Referring now to FIG. 1, reference is now made to a computer system environment in which the invention is particularly useful and includes a local system 100 (also referred to as “source” or “primary” system) and remote system 111 (also referred to as “target” or “secondary” system). Each of these includes respective data storage systems 119 and 149 that in a preferred embodiment are each Symmetrix Integrated Cache Disk Arrays available from EMC Corporation of Hopkinton, Mass. Such data storage systems and their implementations are fully described in U.S. Pat. No. 6,101,497 issued Aug. 8, 2000, and also in U.S. Pat. No. 5,206,939 issued Apr. 27, 1993, each of which is assigned to EMC the assignee of this invention and each of which is hereby incorporated by reference. Consequently, the following discussion makes only general references to the operation of such systems.
For purposes of this invention it is sufficient to understand that the remote system 111 normally acts as a mirror of the local system 100 on a volume-by-volume basis and that the volumes can by physical volumes, although logical volumes are preferred.
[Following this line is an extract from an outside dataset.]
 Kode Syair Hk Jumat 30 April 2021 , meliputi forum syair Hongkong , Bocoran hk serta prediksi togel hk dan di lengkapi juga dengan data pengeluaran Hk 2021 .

Although the invention is particularly useful in an environment employing a local and remote data storage system, it will become apparent upon reading this specification, the invention is also useful in a local system itself wherein replicating to a local volume denoted as a business continuance volume (BCV) is employed (FIG. 2). Such a local system which employs mirroring for allowing access to production volumes while performing backup is also described in the '497 patent incorporated herein.
Returning again to FIG. 1, a communications link 112, comprising high-speed data transmission lines interconnects the local system 100 and remote system 111. The physical separation between the local system 100 and the remote system 111 may be up to hundreds of kilometers or more.
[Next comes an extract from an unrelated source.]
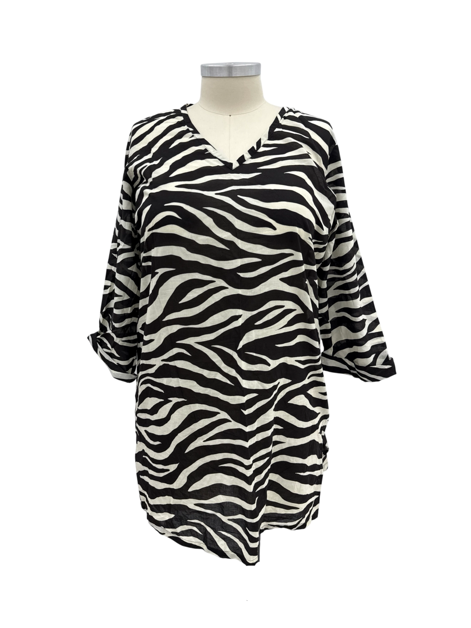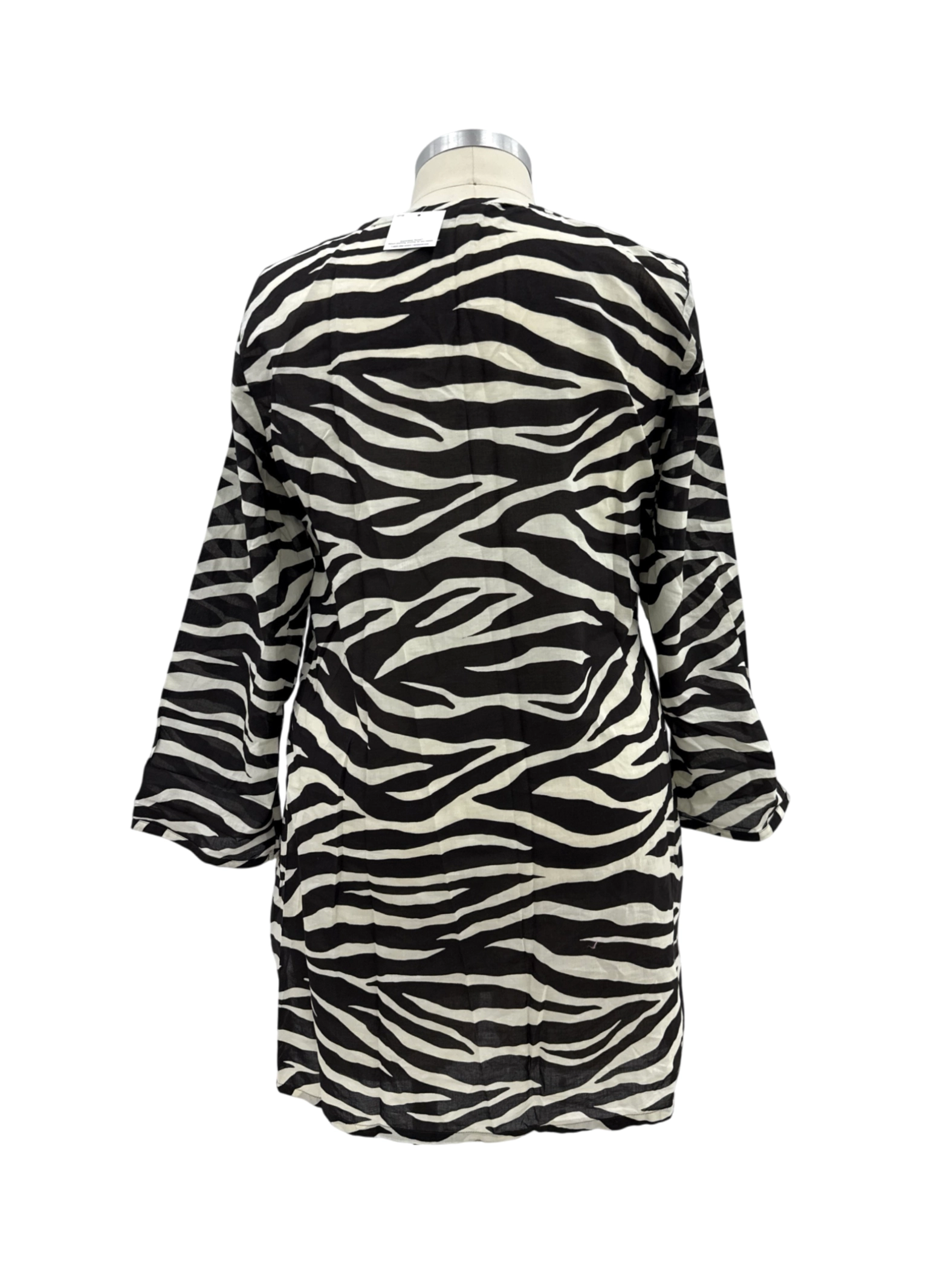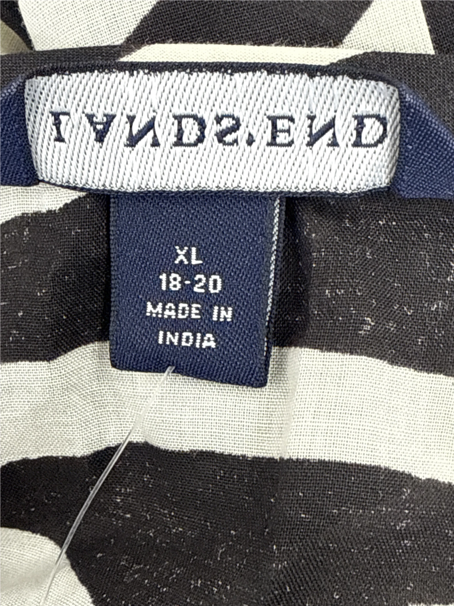 This LANDS' END dress features a striking zebra print in black and white, perfect for a bold summer look. Designed as a cover-up, it offers a relaxed A-line silhouette, flattering for various body types. Crafted from comfortable cotton, it's ideal for casual outings. The dress has long sleeves and a V-neckline. This pre-owned dress is a stylish and affordable addition to your wardrobe.

The local system 100 comprises major components including a host system 113 formed of a host processor and the data storage facility 119 that includes a system memory 114 and sets or pluralities 115 and 116 of multiple data storage devices or data stores. The system memory 114 can comprise a buffer or cache memory; the storage devices in the pluralities 115 and 116 can comprise disk storage devices, optical storage devices and the like. The sets 115 and 116 represent an array of storage devices in any of a variety of known configurations. However, in a preferred embodiment the storage devices are disk storage devices.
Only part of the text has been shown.